Japan's nuclear safety agency on Friday upgraded the Fukushima emergency from a level four to a level five accident rating on the International Nuclear Event Scale.

The increase indicates that the disaster has gone from "an incident with local consequences" to an "incident with wider consequences."

The agency's decision has put the crisis two steps below the 1986 Chernobyl disaster, which reached level seven, the highest rating on the scale, and at the same level as the Three Mile Island accident in the United States in 1979.

Efforts have continued to prevent the catastrophe from escalating, as emergency technicians raced to cool a set of overheated reactors to avert a nuclear meltdown.

The Tokyo Electric Power Company (TEPCO), which operates the plant, said it hoped to finish work on a new power line to reactors No. 1 and 2 by Saturday. Engineers worked to lay the kilometer-long (0.6 mile) cable from the main electricity grid, which would help restore the cooling systems.

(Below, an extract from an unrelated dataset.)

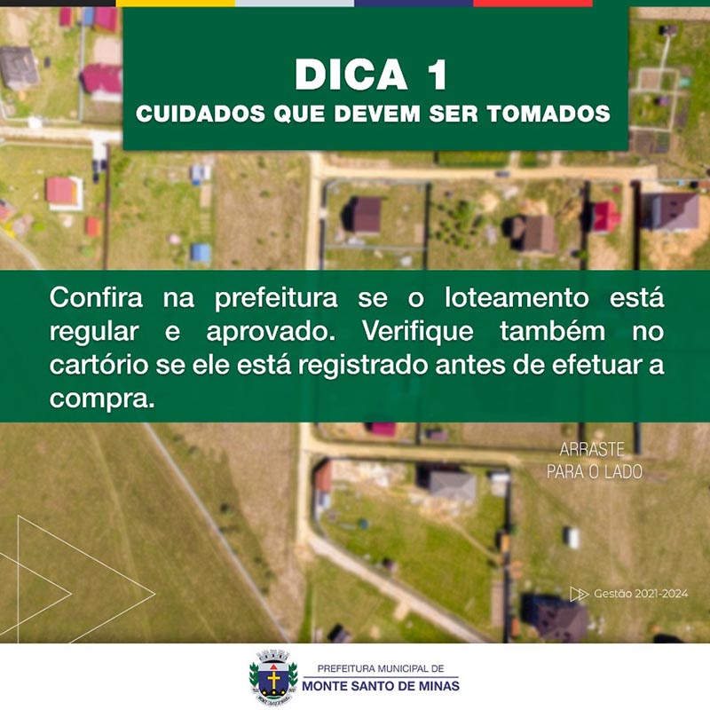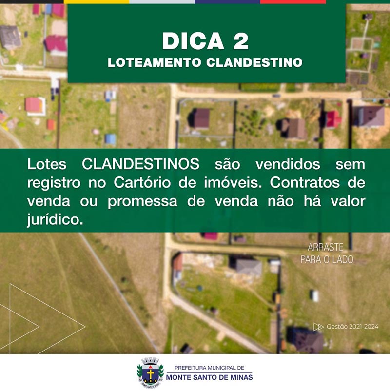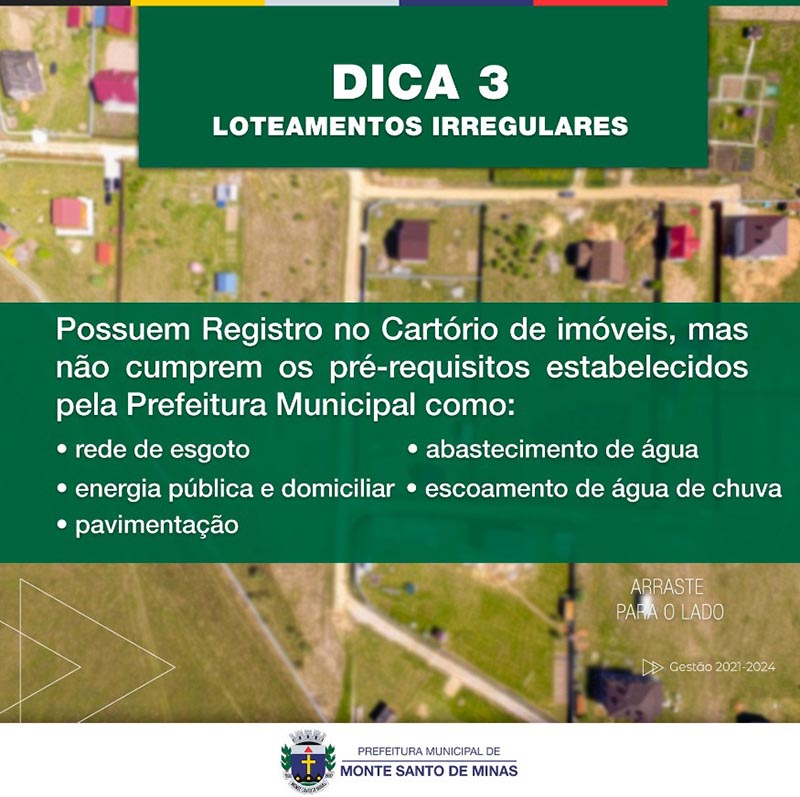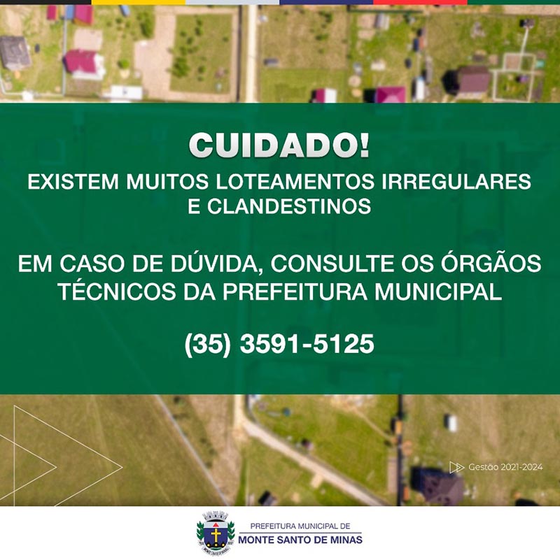 A Prefeitura de Monte Santo de Minas alerta os moradores sobre os riscos de comprar imóveis em loteamentos irregulares e clandestinos. Antes de efetuar a compra, é fundamental verificar a situação do loteamento junto à prefeitura e ao cartório de imóveis, para garantir a segurança jurídica da transação.

The reactors' cooling systems were knocked out following last Friday's magnitude 9 earthquake off the coast of Japan and the subsequent tsunami that battered coastal cities. The twin disasters sparked a series of fires and explosions at the Fukushima plant.

'Fighting a fire we cannot see'

Fire trucks at the Fukushima power plant
Fire trucks converged to spray water at Fukushima plantImage: AP/Kyodo News

At reactors three and four, workers were carrying on with efforts to douse the reactors with water. Japan's Nuclear and Industrial Safety Agency said that the priority was to dump water into reactor three which contains plutonium and is the most critical.

Japan's nuclear safety agency reported Friday that smoke or steam could be seen rising from reactor two, possibly from the spent fuel pool or from an explosion in the suppression chamber.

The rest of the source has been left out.